高市政権がコメの増産方針を転換したことについて「不愉快な話」だと不満を表明したり、中国との関係悪化も「日本の利益にはならない」と暗に高市答弁を批判したりしている。右派系の論客やSNS上では、「早くも後ろから鉄砲を撃った」「やっぱり空気が読めない党内野党」等々、石破叩きが盛り上がっている。
退陣前の世論調査では、退陣の必要なしという声が多かったのだが、辞めてしまうとこんなにも空気が変わるものなのか。石破氏もそう思っているに違いない。
しかし維新や国民との協力の下地を作ったのは、その石破氏だった。少数与党という厳しい状況のなでにかで年収の壁をめぐって国民との協議を重ね、維新に対しては、高校授業料無償化をテコに補正予算への賛成も取り付けている。

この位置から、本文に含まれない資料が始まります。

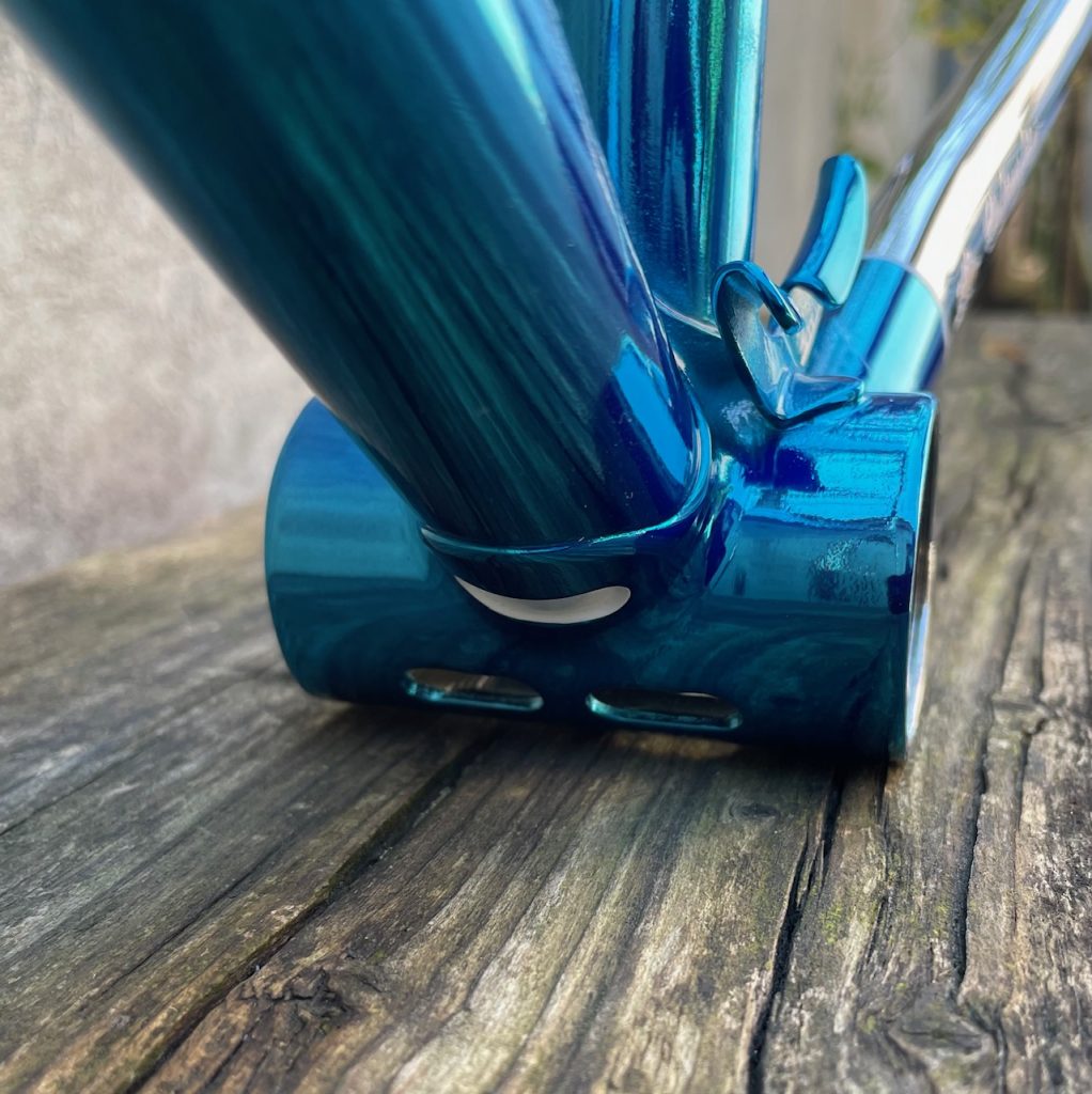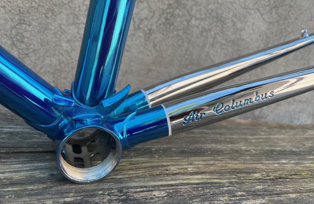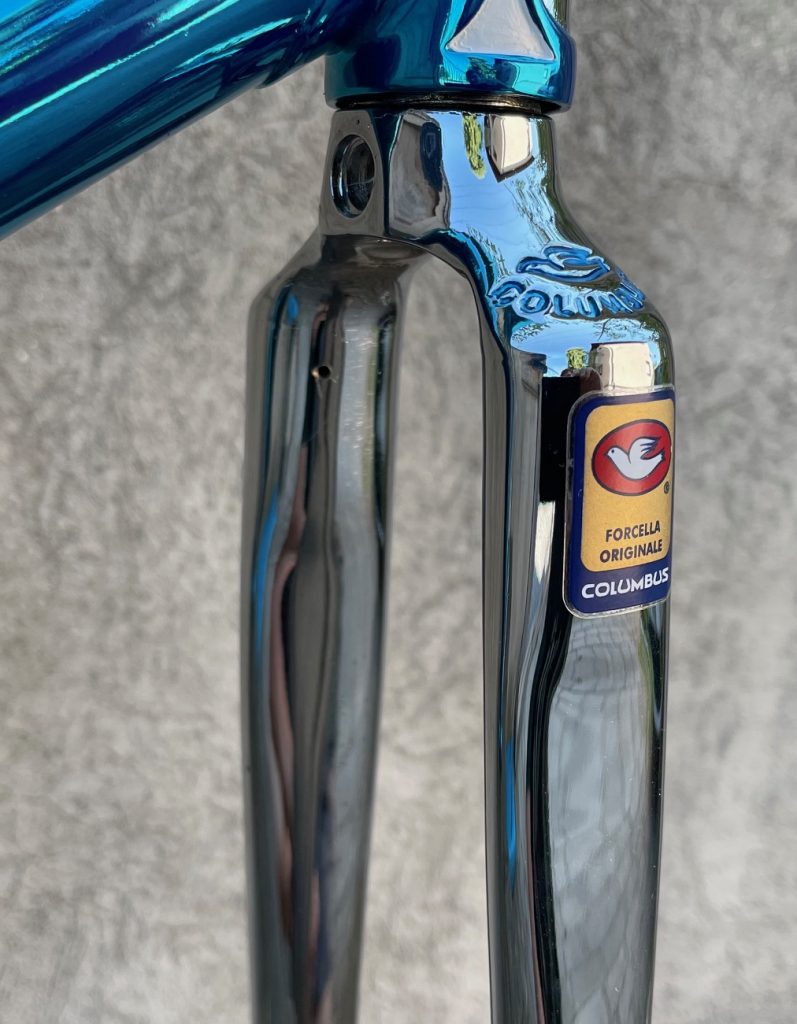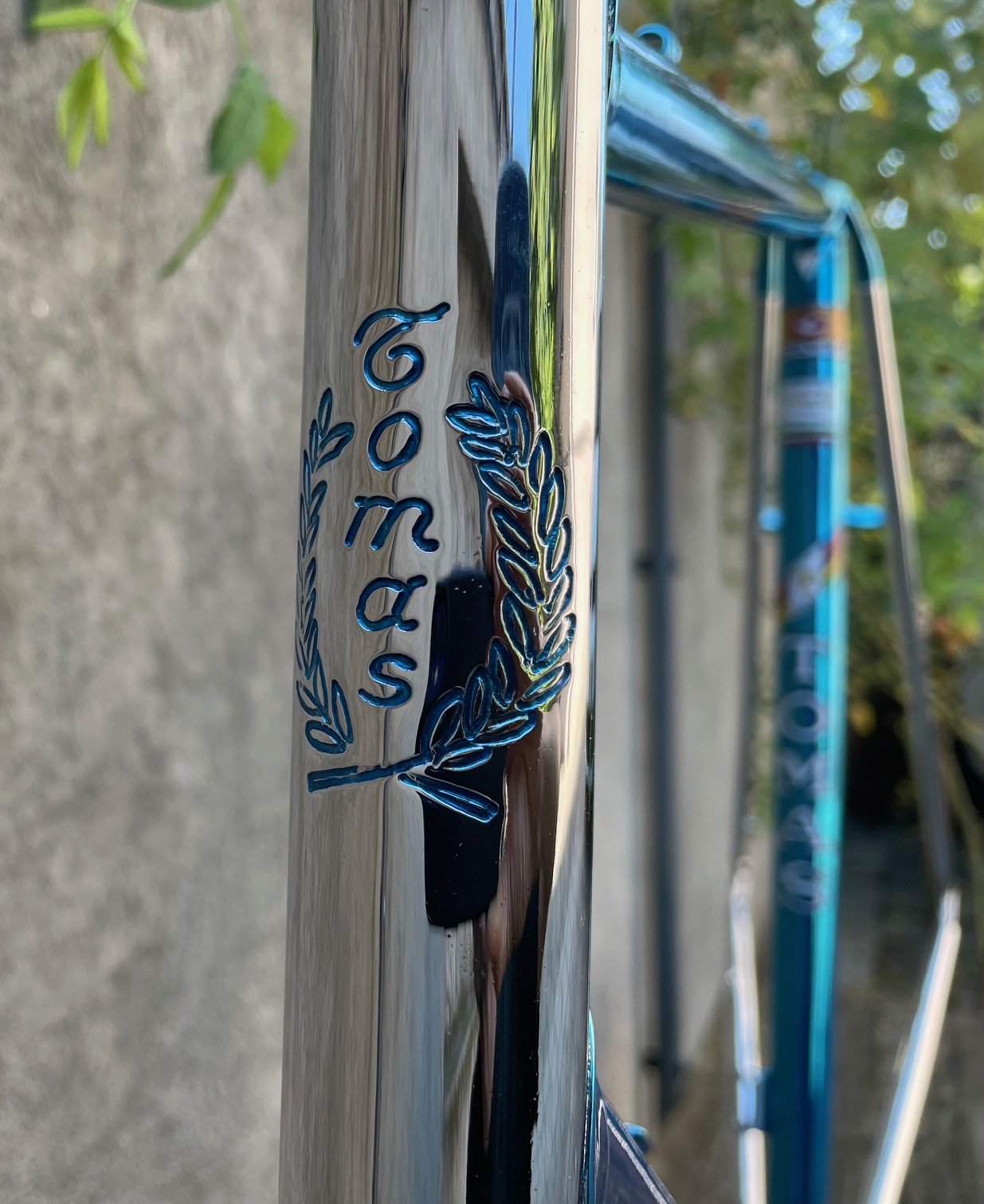 Here is a restoration of Tomas frame made in the beginning 80s by Giuseppe Orsato from Piazzola di Brenta (PD) - Italy. Still propriety of first owner. He wanted to change broken chain stays with the same engraved left one with same gravure Air Columbus. The second reparation was on cable guide hangers on top tube. We replace all three. Then rechromation of all frame and fork and finishedwith Cromovelato paint job. Nice frame....

立憲民主との協議も進めて、今年度予算の年度内成立も実現した。野党側との熟議を通じて、政権を維持してきたのも石破前首相の手腕が大きい。ここで失敗していれば、おそらく参院選の結果も、その後の自民党総裁選もどんな展開になっていたか分からない。そうなれば高市首相の存在もなかったかもしれないのだ。
「高市カラーといっても、重要な来年度予算案の大枠は、石破内閣時代の夏の概算要求で、すでに122兆円超の過去最大の枠組みができていました。外国人規制や維新が求める議員定数の削減などは予算成立後になるから、来年の夏まで解散なんかできない。むしろ、腰を落ち着けて高市カラーの政策を実行していくことが重要だと思います」
予算編成に関わった政府関係者はそんな風に現状を解説してくれた。
実際、高市首相の周辺では、一時あった「支持率が高いうちの早期解散論」が鳴りを潜め、早くとも来年春、予算が成立した後に解散時期を探るべきだという声が強まっている。高市首相自身も周囲に「まだ実績が示せていない。経済対策の効果を実感してもらうまでは解散しない」と話しているという。
外にあっては扱いにくい中国との関係修復や気まぐれな米トランプ大統領との関係強化、国内では、物価高と人手不足で国民生活への影響が増す中での経済対策と、難題が山積している。若い世代の厚い人気に支えられた高支持率があると言っても、足元には空気だけでは超えられないような不安材料がいくつも横たわっている。
令和8年午(うま)の歳に、なお馬車馬のように働き続けることができるのか。高市首相にとってはこれからが本当の正念場になることだけは間違いない。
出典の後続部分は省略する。